Fig 1. Stat3^fl/fl lysm cre mice are resistant to infection with M. tuberculosis.

Stat3^fl/fl lysm cre and stat3^fl/fl littermate controls were sacrificed at indicated time points after aerosol infection with M. tuberculosis and colony forming units (CFU) per lung (A) and spleen (B) were assessed. The CFU per organ of individual mice and the median per group at the indicated time points after infection are depicted. For each time point 8–10 control and 8–10 mutant mice were infected simultaneously. We performed separated experiments for 4 and 8 weeks post infection. Only one representative of the two experiments for 4 as well as 8 weeks post infection is depicted. Differences in CFU are significant (*p<0.05, **p<0.01, ***p<0.001 Mann Whitney U test). Histopathological scoring of hematoxylin-eosin stained paraffin lung sections from stat3^fl/fl lysm cre and stat3^fl/fl mice measured 4 and 8 weeks after infection with M. tuberculosis. The mean ± SEM % lung area with granulomas (C) and the relative neutrophil density score (D) are depicted. Differences are significant (*p<0.05, ***p<0.001 Student t test).

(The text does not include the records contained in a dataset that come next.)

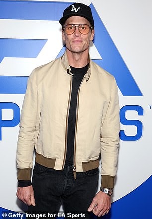 Legendárny rozohrávač NFL (47) bol natočený ako tápajúci influencer Earle (25) na párty pred minulotýždňovým Super Bowlom v Santa Clare v Kalifornii.
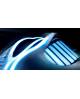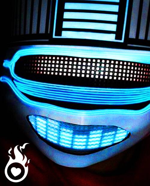 The Daft Punk helmet is created from different logos equalizer bluish, distributed at the level of the mouth and on the top of the head. Hence this very designer look. These parts are connected to a mini microphone, this Daft Punk helmet electroluminescent then comes alive according to the rhythm of the music! In addition, this helmet also has luminous zones that light up independently of the sound, while remaining in a futuristic spirit.
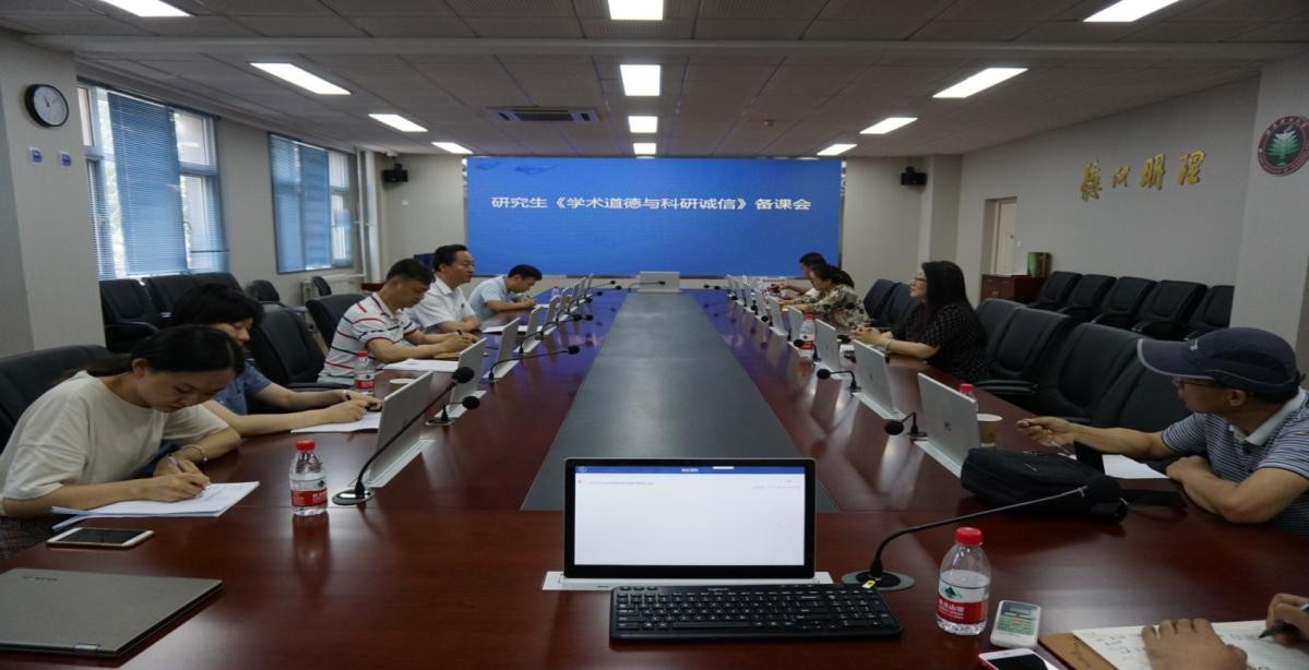 為使學校研究生更好地貫徹落實中共中央辦公廳、國務院辦公廳印發的《關于進一步弘揚科學家精神 加強作風和學風建設的意見》(以下簡稱《意見》),6月24日,研究生院、人文與社會科學學院組織了《學術道德與科研誠信》研究生課程任課教師集體備課,就如何結合實際生動活潑地讓《意見》精神進課堂,進行了廣泛深入地研討。研究生院常務副院長王軍政、培養辦主任陳旵明、人文與社會科學學院《學術道德與科研誠信》課程組全體教師和研究生助教代表參加了集體備課和座談交流。
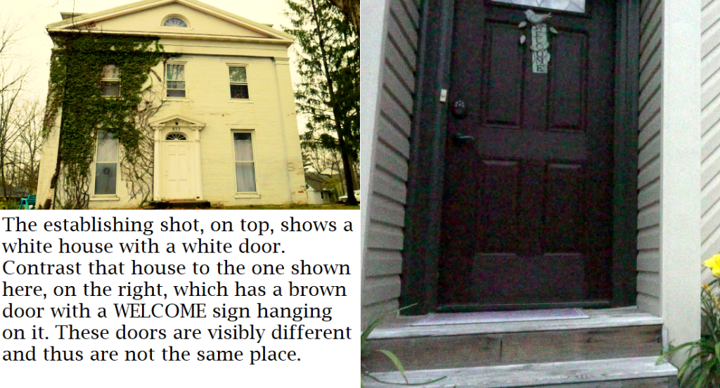Regarding aspects which could be improved, the two most significant issues were continuity and sound mixing. Starting with continuity there were a few instances when it was slightly confusing whether separate events were taking place in the same place. To give one instance there were establishing shots of the Beauxregard house, seen on the left side of the following screenshot, but in closeups, on the right side of the screenshot, the front door of the house was clearly different. In the establishing shot the door was white while in close-ups that same door was a dark brown. Ideally, the establishing shots would match the close-ups.
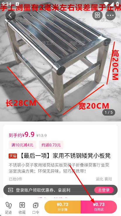 4、点击商品进入详情页,可查看尺寸等信息,若要自购,可点击自购返按钮。
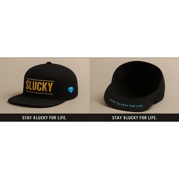 This premium black snapback features the iconic $LUCKY front embroidery with clean gold detailing and a signature blue diamond side patch symbolizing strength, clarity, and unbreakable conviction.
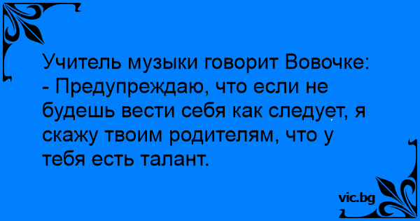 Учитель музики говорить Вовочці: — Попереджаю, що якщо не будеш поводитися як слід, я скажу твоїм батькам, що в тебе є талант!
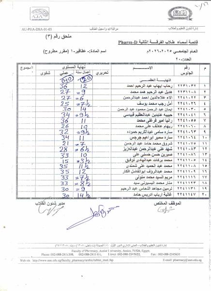 Do you have any questions? (088) 2080369 - 2345622 Pharmacy_QAAU@pharm.aun.edu.eg

A representative dot plot (E) and the frequency (F) of CD11b⁺CD11c^-Ly6C^dim Ly6G⁺ neutrophils in lungs stat3^fl/fl lysm cre and stat3^fl/fl mice 3 and 4 weeks after infection with M. tuberculosis are shown. Differences between 4 mice at each time point are significant (*p<0.05 Student’s t test). Total RNA was extracted from the lungs of stat3^fl/fl lysm cre and stat3^fl/fl mice at the indicated time points after infection with M. tuberculosis. The relative concentration of neutrophil elastase (elane) (G) and myeloperoxidase (mpo) transcripts (H) in relation to hprt mRNA levels in the same sample was determined by real time PCR. The mean fold induction of these transcripts ± SEM is depicted. Differences with control mice are significant (*p<0.05, **p<0.01 Student t-test).